Task instructions:
Return the data word for word. Pictures are to be omitted.

Available data:
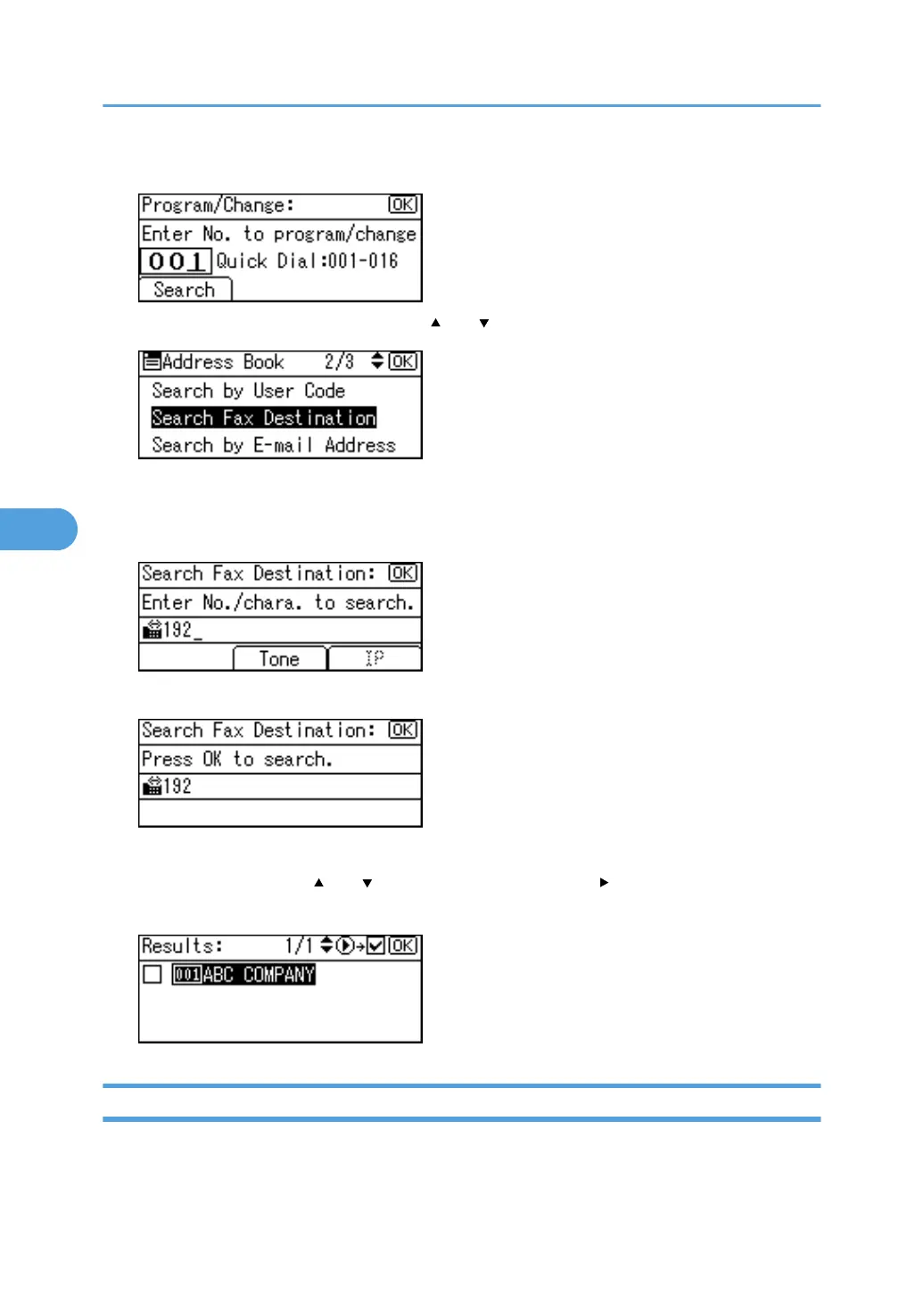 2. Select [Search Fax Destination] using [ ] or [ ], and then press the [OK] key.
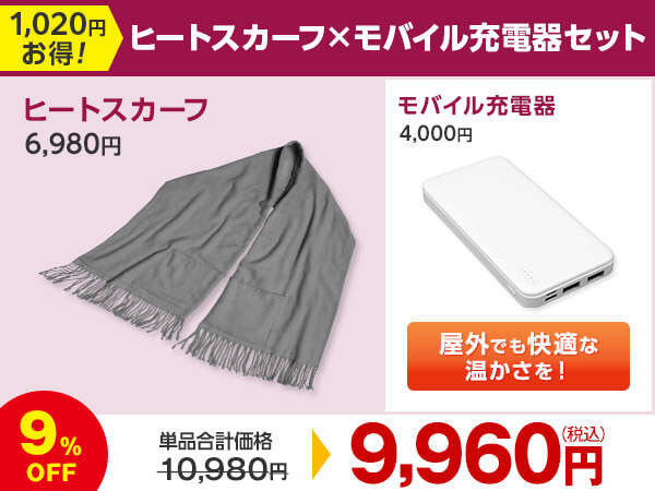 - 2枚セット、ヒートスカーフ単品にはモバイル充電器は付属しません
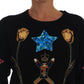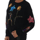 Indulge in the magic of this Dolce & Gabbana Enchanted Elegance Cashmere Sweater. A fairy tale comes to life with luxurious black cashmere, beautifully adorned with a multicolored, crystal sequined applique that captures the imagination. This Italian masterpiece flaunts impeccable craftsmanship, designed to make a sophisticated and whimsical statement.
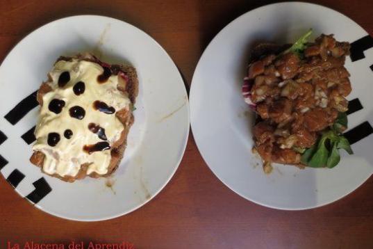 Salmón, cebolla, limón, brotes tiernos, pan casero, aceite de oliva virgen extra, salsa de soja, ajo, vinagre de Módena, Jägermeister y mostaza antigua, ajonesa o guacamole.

Exercise solution:
 2. Select [Search Fax Destination] using [ ] or [ ], and then press the [OK] key.
 - 2枚セット、ヒートスカーフ単品にはモバイル充電器は付属しません
 Indulge in the magic of this Dolce & Gabbana Enchanted Elegance Cashmere Sweater. A fairy tale comes to life with luxurious black cashmere, beautifully adorned with a multicolored, crystal sequined applique that captures the imagination. This Italian masterpiece flaunts impeccable craftsmanship, designed to make a sophisticated and whimsical statement.
 Salmón, cebolla, limón, brotes tiernos, pan casero, aceite de oliva virgen extra, salsa de soja, ajo, vinagre de Módena, Jägermeister y mostaza antigua, ajonesa o guacamole.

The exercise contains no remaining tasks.